Subgroups containing only reflections and the identity must have order a power of 2. Since a reflection times a reflection is a rotation, with $(r^ks)(r^ms) = r^{k-m}$, it should be clear that any such subgroup is in fact of order 2 (we must have $k = m)$. These subgroups are typically NOT normal, but there is an exception for $n = 2$ ($D_2 = V$ is abelian).
Which brings us to "mixed subgroups", containing at least one rotation, and one reflection. These are going to be of the form $\langle r^k,s\rangle$ where $k|n$, that is, isomorphic to $D_m$, where $m = \dfrac{n}{k}$ . You can think of these as symmetries of an $m$-gon, which are also symmetries of an $n$-gon, since $n$ is a multiple of $m$ (the axes of symmetry of an $n$-gon include all the axes of symmetry of the $m$-gon, plus more).
These "mixed subgroups" aren't, in general, normal, but in some special cases they are: for example if $n$ is even and $k = \dfrac{n}{2}$, or $k = 2$.

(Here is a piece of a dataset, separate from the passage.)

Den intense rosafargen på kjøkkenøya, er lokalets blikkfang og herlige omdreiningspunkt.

Another case worth mentioning is when $n$ is an odd prime; in this case, any subgroup containing more than one reflection, or a reflection and a (non-trivial) rotation, is the entire group, which limits the possibilities for subgroups.

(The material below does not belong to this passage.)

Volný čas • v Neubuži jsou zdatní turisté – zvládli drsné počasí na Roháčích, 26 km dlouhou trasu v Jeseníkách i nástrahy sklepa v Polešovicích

For a more complete analysis, see: https://in.answers.yahoo.com/question/index?qid=20091014113730AA7KJDt
John Smith Kyon, your idea is very good.
If we remove all unnecessary things from your reasoning,
we get a solution to our problem.
It looks something like this.
Let $n$ be odd and let $N$ be a normal subgroup in $D_n$ of order $2m$.
Step 0.
We know that $I=\{s,sr,\ldots,r^{n-1}\}$ is
a complete list of all elements of order $2$ of group $D_n$.
Step 1.
Since $N$ is of even order, we get $N\cap I\neq\varnothing$.
Let $sr^k\in N$.
Step 2.
Since $N$ is a normal subgroup of $D_n$, then
$$
r^t(sr^k)r^{-t}=sr^{k-2t}\in N \hbox{ for all $t\in\mathbb{Z}$}.
$$
Step 3.
Since $n$ is odd, we obtain that the set
$$
\{k-2t\mid t=0,1,\ldots,n-1\}
$$
is a complete residue system modulo $n$.
It follows that $I\subset N$. So $N=D_n$.
Best Answer
The index $2$ suggestion works, but you can also show this directly. One can check that the generators $R$ and $F$ of the dihedral group conform to the rule $RF = FR^{-1}$. From this, we see that any element in $D_n$ can be written as $R^jF^k$ where $0 \leq j \leq n-1$ and $0 \leq k \leq 1$.
A subgroup $N \leq G$ is normal whenever, given any $n \in N$ and $g \in G$, we have $gng^{-1} \in N$. In this case, any element of the rotation subgroup looks like $R^m$ for $1 \leq m \leq n-1$. Considering any arbitrary element $R^jF^k$ of $D_n$, we just need to show that $(R^jF^k)R^m(R^jF^k)^{-1} \in \langle R \rangle$. Clearly this is true if $k=0$, so assume $k=1$. Now look to the helpful rule in the first paragraph to conclude that this is indeed an element of $\langle R \rangle$.